Farming in harmony with our ecosystem has somehow become what I’m doing with my life. I will always place great importance in employing practices that are respectful of the limits of our planet, that aid in the rehabilitation of the land, and that respect the dignity of the living things involved. Only recently has it become clear to me that this harmonious way of growing food has got to extend to our human communities as well, despite how annoyed I am with them. And while I’m a proponent of cooperative agriculture, truth is I’m critical, I’m nit-picky, and I’d rather do a lot of my work alone. But I don’t think I’ll choose independence at my own detriment over cooperation for the benefit of all, if I can help it.

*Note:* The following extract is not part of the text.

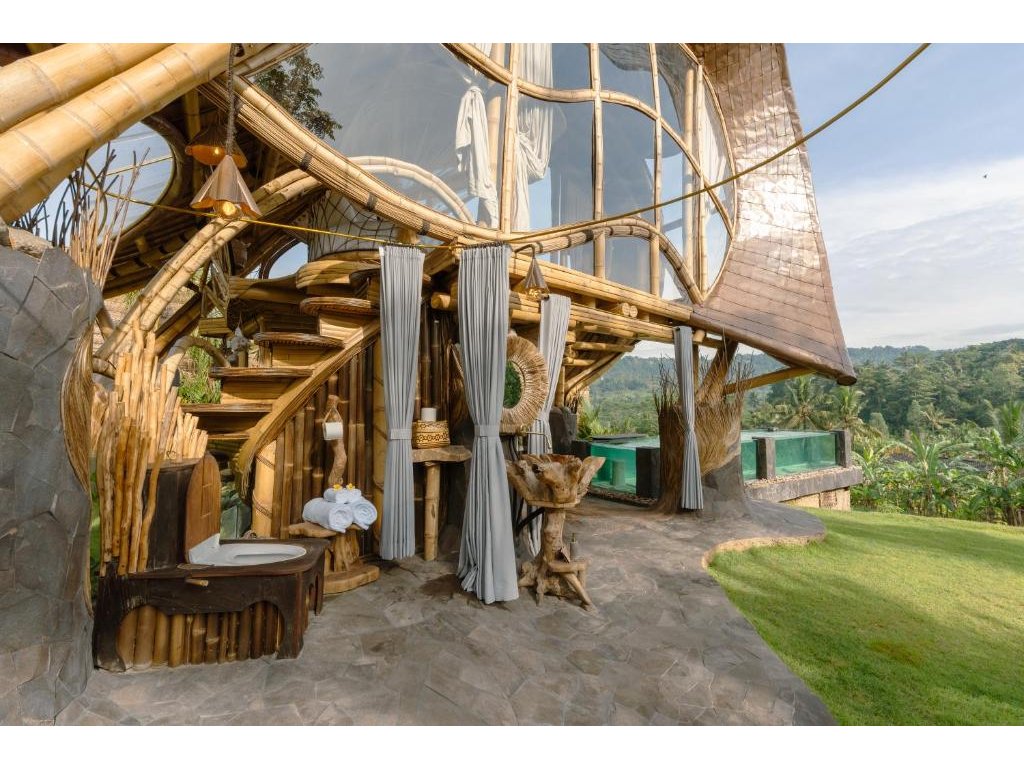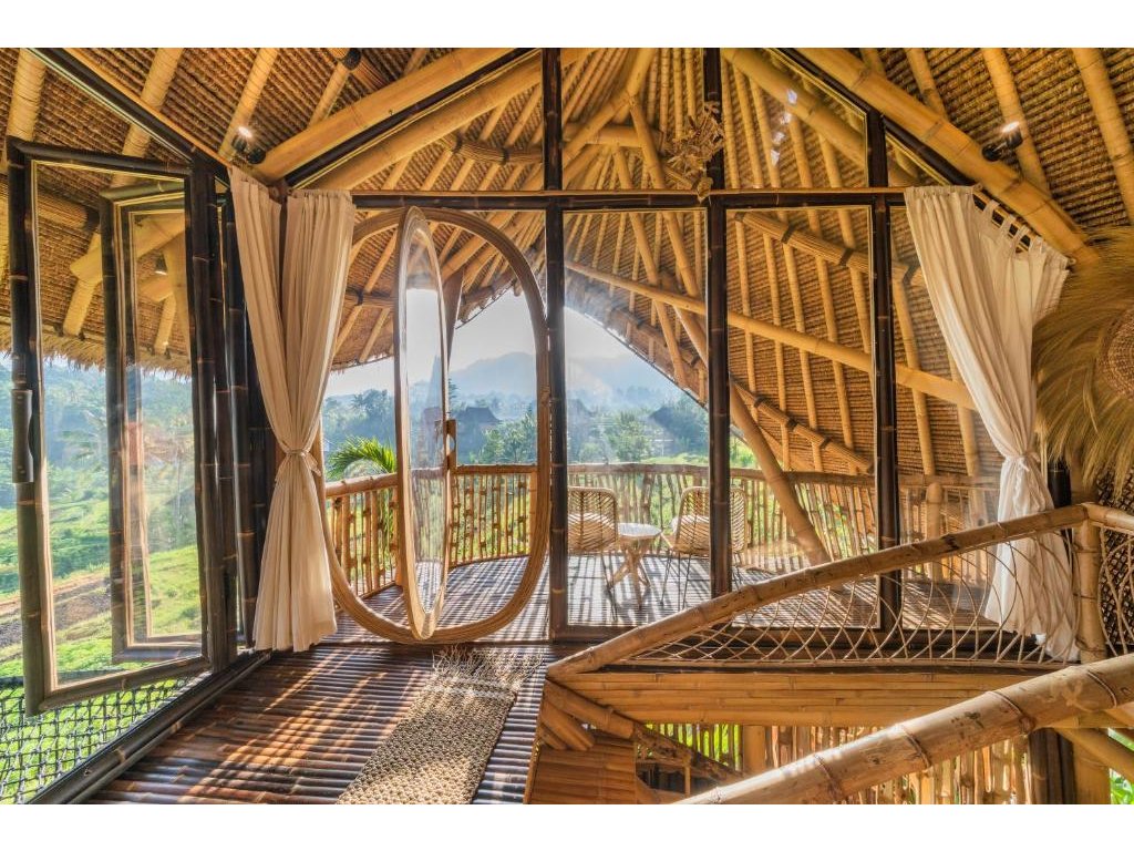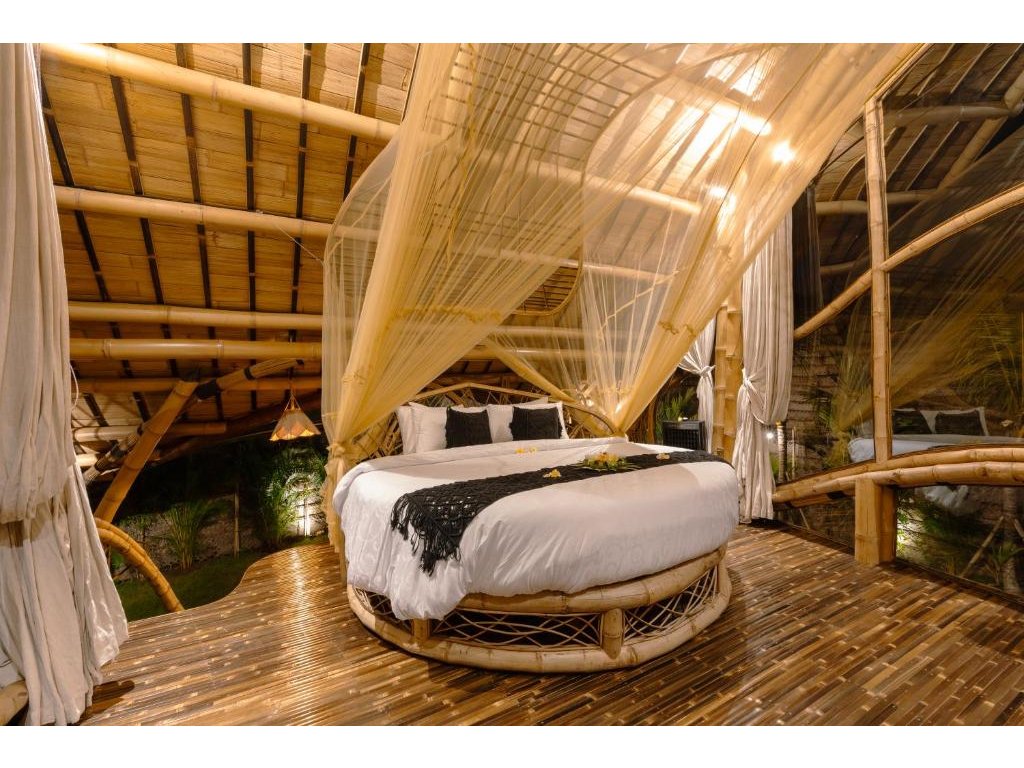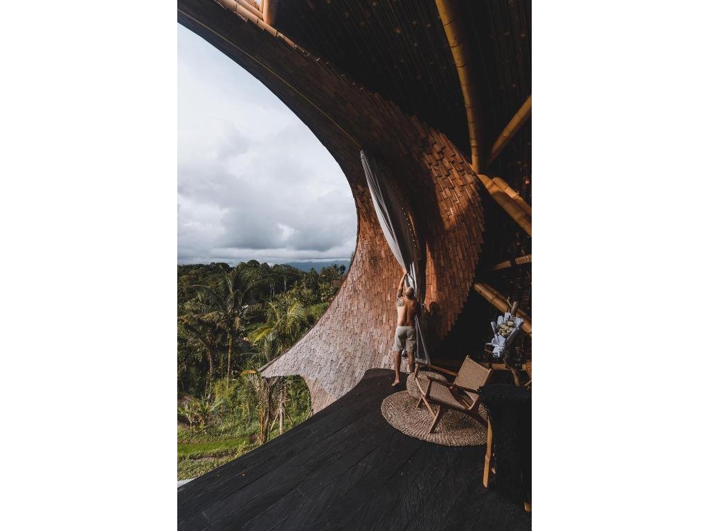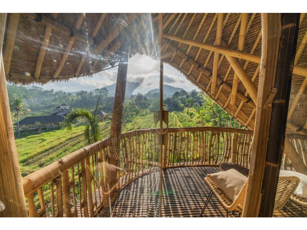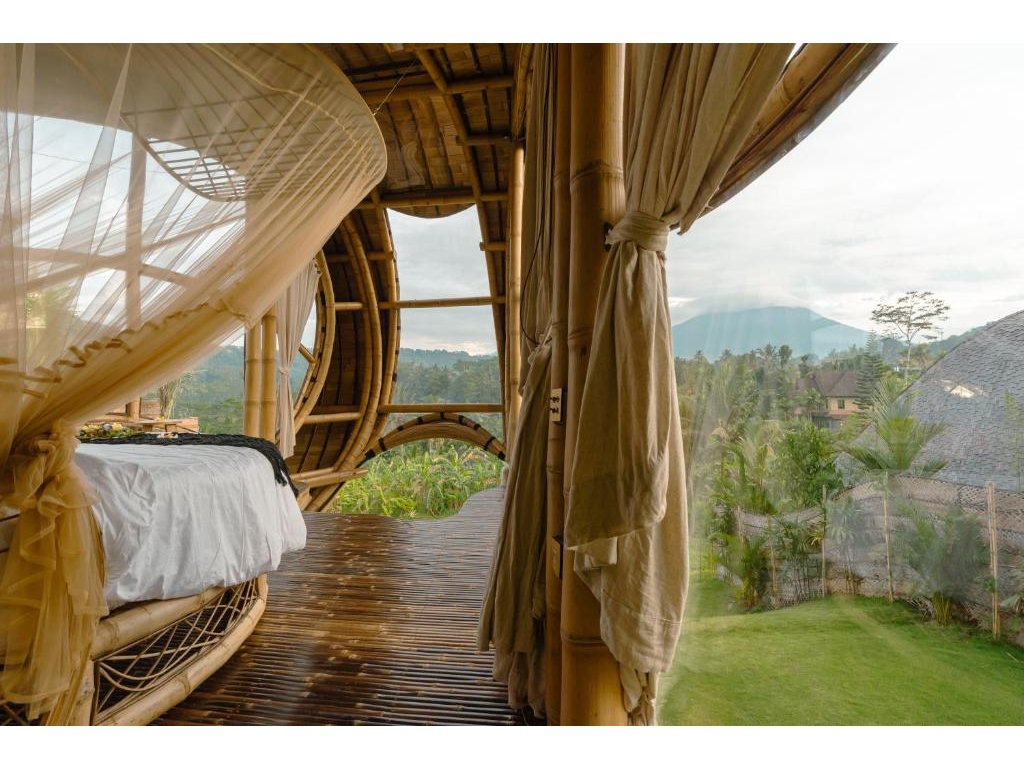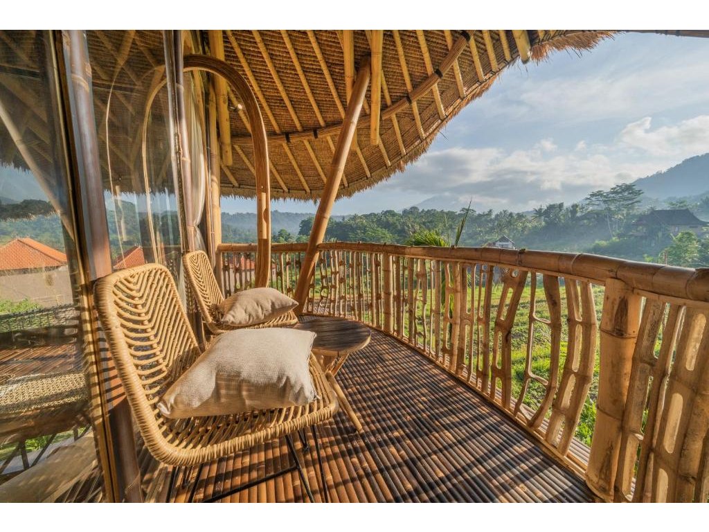 Ikonické bambusové vily ve Sidemen Valley (Východní Bali) s výhledy na rýžová pole a masiv Mt. Agung. Originální organická architektura (sovy, kobry, chobotnice aj.), soukromé plunge bazénky či vany pod širým nebem u vybraných vil a intimní „hideaway“ atmosféra. Ideální pro páry, honeymoon a milovníky přírody a fotogenických zážitků.

It doesn’t feel at all appropriate for me to end on a hopeful note, and it’s easy enough not to. Issues of land access are challenging and only getting worse. At the rate we’re going, the next wave of enclosure, in which small farms are made extinct by corporate interests is all but assured. There are excellent models of alternative landholding out there, but the work in getting there is, well, very uphill. Ultimately, wherever private ownership is concerned, it isn’t the commoners who have their way under the current economic realities. Power resides with the powerful. It kills me to think how achievable a better world is in the hands of those who hold so much, while the rest of us are left to glean. It’s a cold world out there folks. We can struggle alone, or we can struggle together, either way, its struggle.
Commonly,
BB
Thank you Ben, for your time and energy that you put into this piece.
This is great, I want to read it every day for a week! Just to make sure I squeeze out everything I can from it.
Although not totally in line with your theme, forming a cooperative or other legal entity hedges against unfortunate incidents by corporate neighbors continuing unresolved. During my trip, I stayed with people (wwoofing, airbnb) that had their well water contaminated by a corporate neighbor. My hosts were surprised (and hurt, betrayed) that the sense of urgency for resolution was not shared by both parties. If you have two non-human legal entities, once the facts of a case are established, insurance companies will usually push for settlement - you know, within a normal person's lifetime. And if one party is actually human, well... It usually has a different kind of end. It's a weird dichotomy. The triggers for damage are very human, but there is nothing human about resolving it.
We're definitely stronger when we work together. Thanks for the post!